§ **Exercise prompt**
The records below are to be transcribed exactly from their first line to the line that has "White t-shirt featuring", inclusive, with every picture omitted.

Items listed in a dataset:
• • • • •
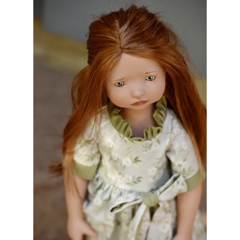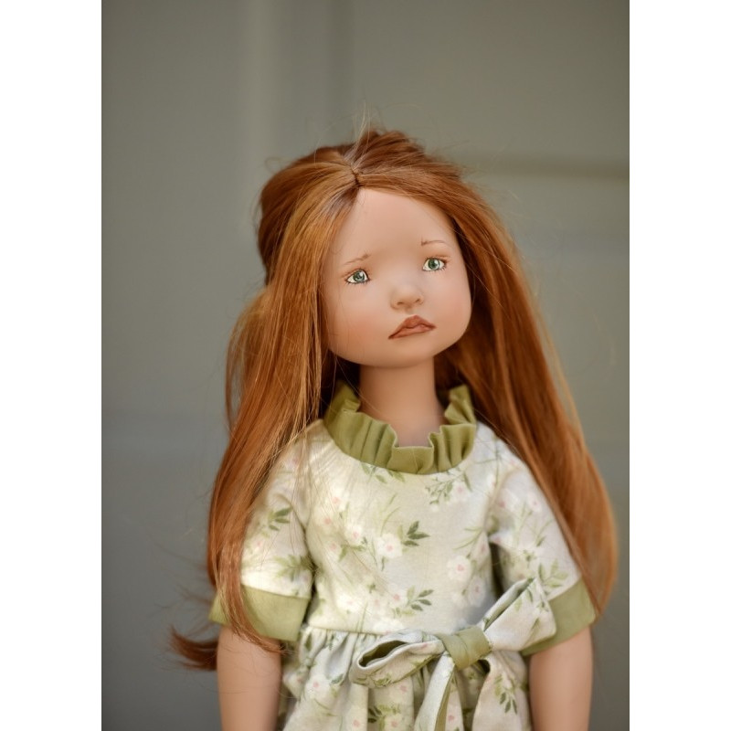 La poupée Linde - Moule 2022 (Comme L'Oie d'Or), a de longs cheveux roux et les yeux verts.
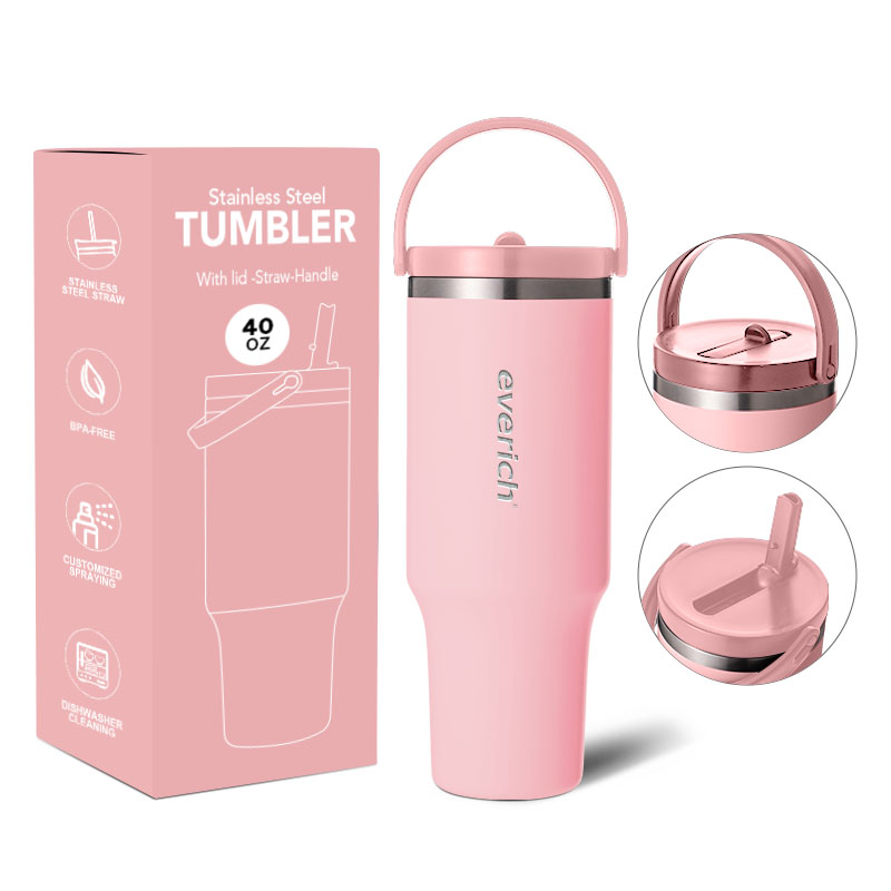 Tazza per auto a tenuta stagna stampata con Logo personalizzato 40oz in acciaio inossidabile isolante da viaggio con manico e paglia
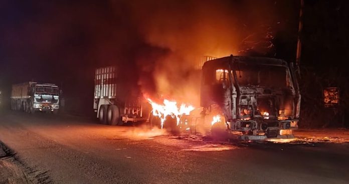 Deoli News 13 अक्टूबर (दैनिक ब्यूरो नेटवर्क) देवली से केकड़ी मार्ग पर मोरला चौराहे से आगे रविवार देर रात एक चलते हुए ट्रेलर में अचानक भीषण आग लग गई।
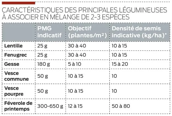 Les espèces et les variétés sont à choisir en fonction des objectifs, du milieu, du matériel de semis et des disponibilités. Si les petites graines peuvent être mélangées au colza, la féverole par exemple nécessitera une deuxième trémie ou un second passage.
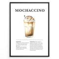 Mochaccino coffee recipe illustration with espresso, chocolate syrup, steamed milk, milk foam, and whipped cream.
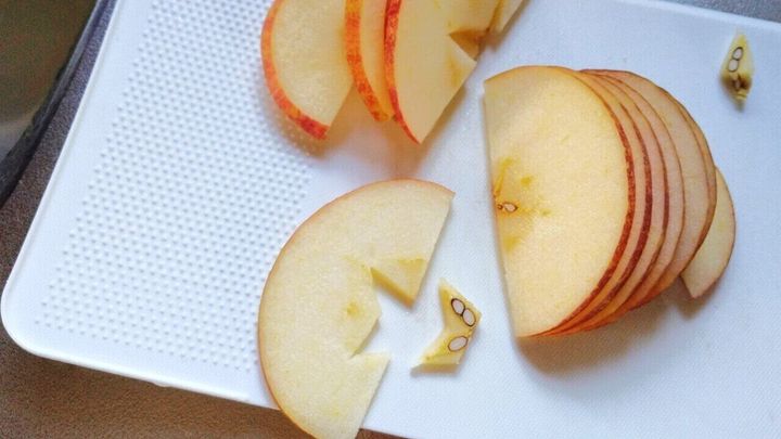 ちょうどよい大きさの星形の型抜きがあればそれを利用して芯の部分抜き取ったり、なければ包丁で切りこみを入れることで、かわいい形を楽しみながら芯を気にせず丸ごと食べられますよ。
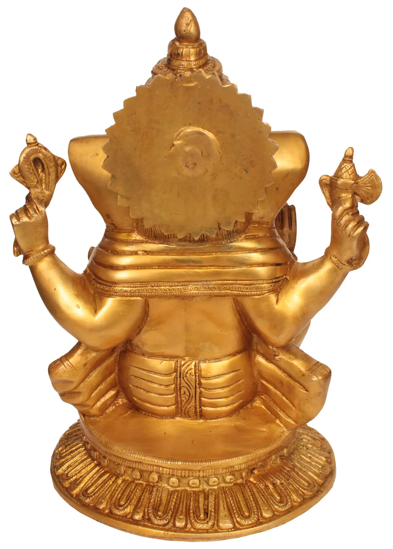 12" Four Armed Seated Ganesha Granting Abhaya In Brass | Handmade | Made In India
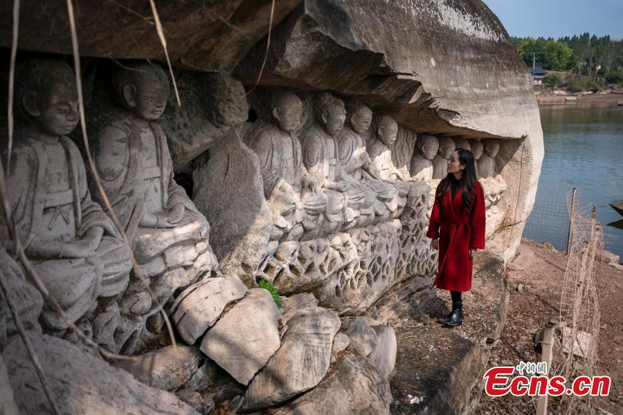 Stone sculptures dating back to Tang (618-907) and Song Dynasty (960-1279) emerge after water level lowers at Anyue County, southwest China's Sichuan Province, March 1, 2023. (Photo: China News Service/Liu Zhongjun)
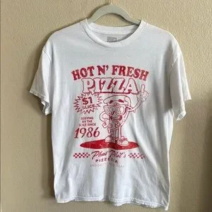 White t-shirt featuring a red pizza graphic and text design.
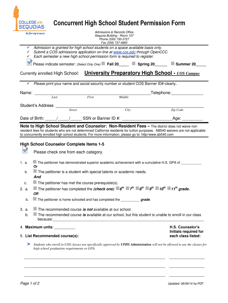The Concurrent High School Student Permission Form must be completed and submitted each semester before enrolling in courses. Check specific enrollment deadlines provided by the College of the Sequoias.
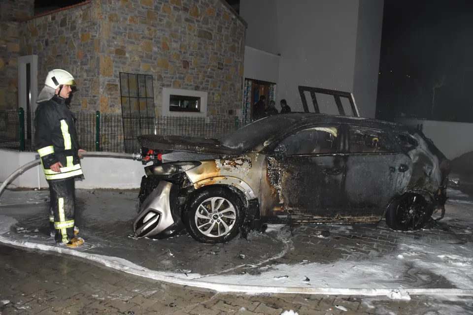 Ercan Özden, gazetecilere, evde oturdukları sırada bir gürültü duyduklarını, dışarıya çıktıklarında aracının yandığını gördüğünü belirterek, "Nasıl olduğunu bilemiyorum. Eve daha yeni taşınmıştık." dedi.
• • • • •
§ **Exercise answer**
 La poupée Linde - Moule 2022 (Comme L'Oie d'Or), a de longs cheveux roux et les yeux verts.
 Tazza per auto a tenuta stagna stampata con Logo personalizzato 40oz in acciaio inossidabile isolante da viaggio con manico e paglia
 Deoli News 13 अक्टूबर (दैनिक ब्यूरो नेटवर्क) देवली से केकड़ी मार्ग पर मोरला चौराहे से आगे रविवार देर रात एक चलते हुए ट्रेलर में अचानक भीषण आग लग गई।
 Les espèces et les variétés sont à choisir en fonction des objectifs, du milieu, du matériel de semis et des disponibilités. Si les petites graines peuvent être mélangées au colza, la féverole par exemple nécessitera une deuxième trémie ou un second passage.
 Mochaccino coffee recipe illustration with espresso, chocolate syrup, steamed milk, milk foam, and whipped cream.
 ちょうどよい大きさの星形の型抜きがあればそれを利用して芯の部分抜き取ったり、なければ包丁で切りこみを入れることで、かわいい形を楽しみながら芯を気にせず丸ごと食べられますよ。
 12" Four Armed Seated Ganesha Granting Abhaya In Brass | Handmade | Made In India
 Stone sculptures dating back to Tang (618-907) and Song Dynasty (960-1279) emerge after water level lowers at Anyue County, southwest China's Sichuan Province, March 1, 2023. (Photo: China News Service/Liu Zhongjun)
 White t-shirt featuring a red pizza graphic and text design.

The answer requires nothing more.